Their fast, which inspired me and thousands of others to fast in the weeks since, memorialized immigrants' journey to a better future here. The fast focused all of our demands for immigration reform and an end to deportations from Congress and the president.

I left the tent after spending just a day with them to travel to Atlanta to be with my daughters and husband for Thanksgiving. As a vegetarian Dominican, I usually go for the yucca before the turkey anyway -- but I wanted to go further.

Surrounded and supported by my family, I kept fasting for a total of 13 days -- and on and off since then. I've never had more energy nor felt more connected to millions of people in our country cut off from their families by unjust laws and the millions more deported.

Fasting has kept my own hope alive for a change in law and policy to come soon.
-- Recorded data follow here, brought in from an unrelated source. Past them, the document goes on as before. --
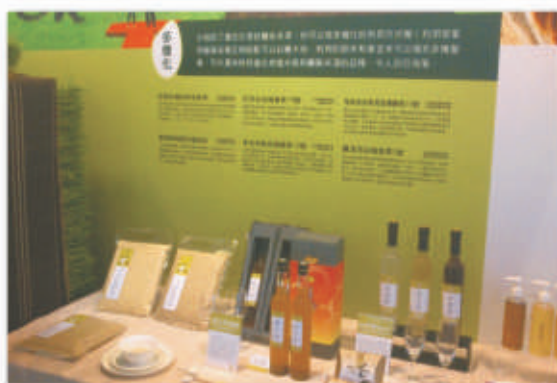
▲以米原料開發之養生醋、養生酒及玄米茶等。
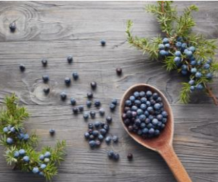
※「メディカルグレード」の精油をお使いください。
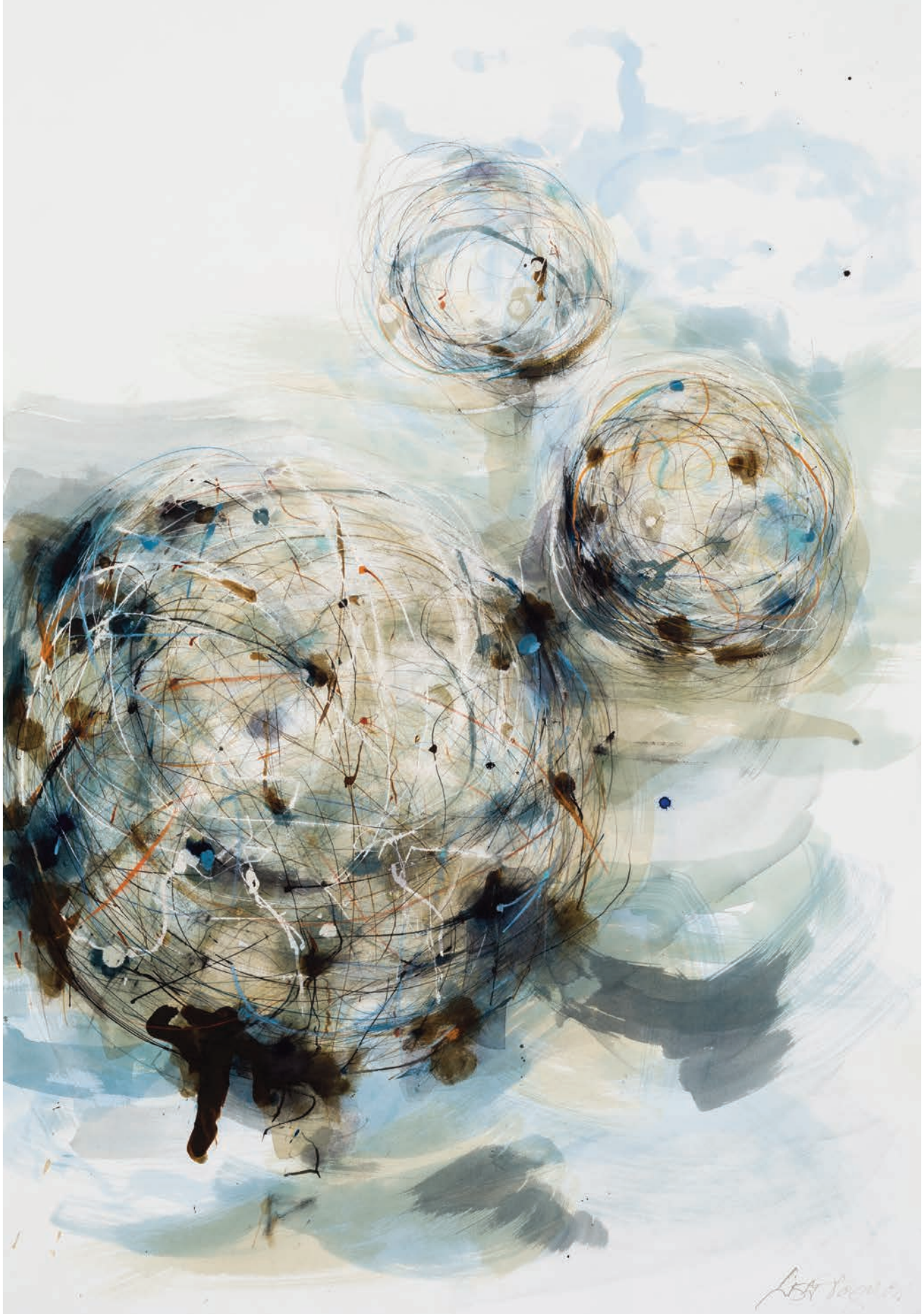
Lisa Tognon, Valse , 2014, encre sur papier. Artiste invitée du n° 760 (novembre 2012).
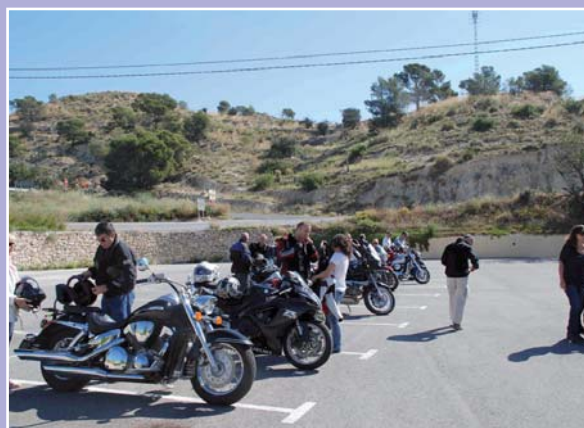
Enfermeros aficionados a las motos en una reciente salida

Los interesados en obtener más información sobre esta actividad pueden consultar la página web del Colegio www.enferalicante.org
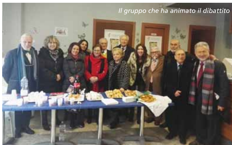
Il gruppo che ha animato il dibattito
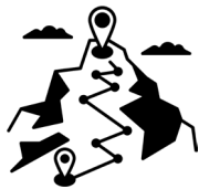
Weg in stürmischen Zeiten

Wir befassen uns mit: Identität & Sinn, Vertrauen & Verbundenheit, Begegnung & Gesprächsführung und mit Problemlösung & Entscheidungskraft
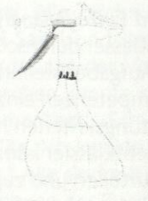
T3 G2 Elke
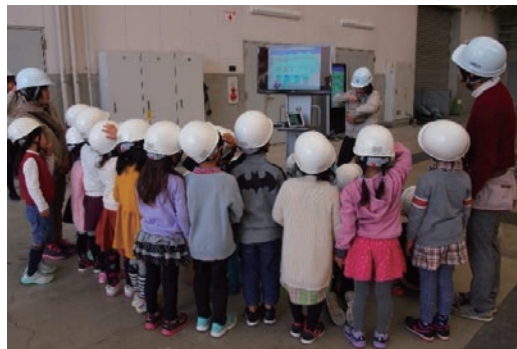
技術研究所で見学会を開催
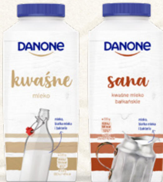
MLEKO 320 g KWAŚNE/SANA KWAŚNE MLEKO BAŁKAŃSKIE DANONE
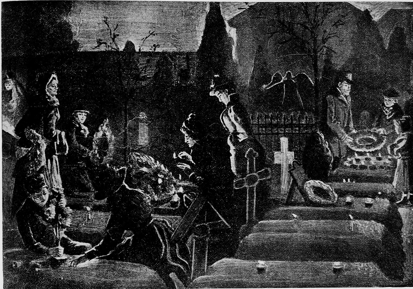
Večer všetkých verných dušičiek.

Kráľovná mlečiarkou. Hollandská kráľovná Vilhelmina má na jednom zo svojich korunných statkov veľký dvor, v ktorom vo veľkej miere pestuje mlečiarsťvo. «Kráľovské mlieko», «kráľovské maslo» a «kráľovský syr» sú u Hollandčanov tak obľúbenými, že doptávke
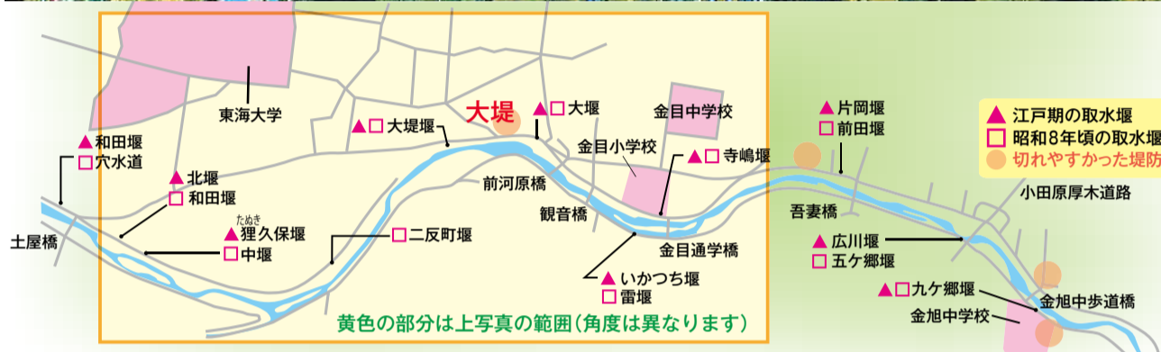
江戸～昭和初期の金目川の堰位置と切れやすかった堤防(「博物館春期特別展図録・水と生きる里 金目の風土とその魅力」付図をもとに作成)
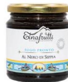
Nero di seppia / Cuttlefish ink barattolo in vetro 280gr glass jar with 280gr

Artigianali e preparati con ingredienti freschi e di alta qualità. Perfetti per condire pasta, e riso, esaltano il sapore autentico della cucina siciliana

Although fasting has touched a nerve in our movement, it has had even more of an impact in the public psyche.

According to We Belong Together, between March 8 and April 9, more than 1,500 women fasted through 80 events in 35 states as well as in Washington D.C. and Mexico City. In addition, 100 more women fasted for 48 hours on the National Mall in Washington, D.C.

Reinforcing this message, fasters such as Rudy Lopez have crisscrossed the nation in "Fast4Families" bus tours that reached north, south, east and west.

Some 500 results turn up in a news search for the Fast for Families and We Belong Together fasts alone. Our movement has shown how a few -- a handful of Congressional members and the president and some advisers, really -- hold back reforms most Americans already accept.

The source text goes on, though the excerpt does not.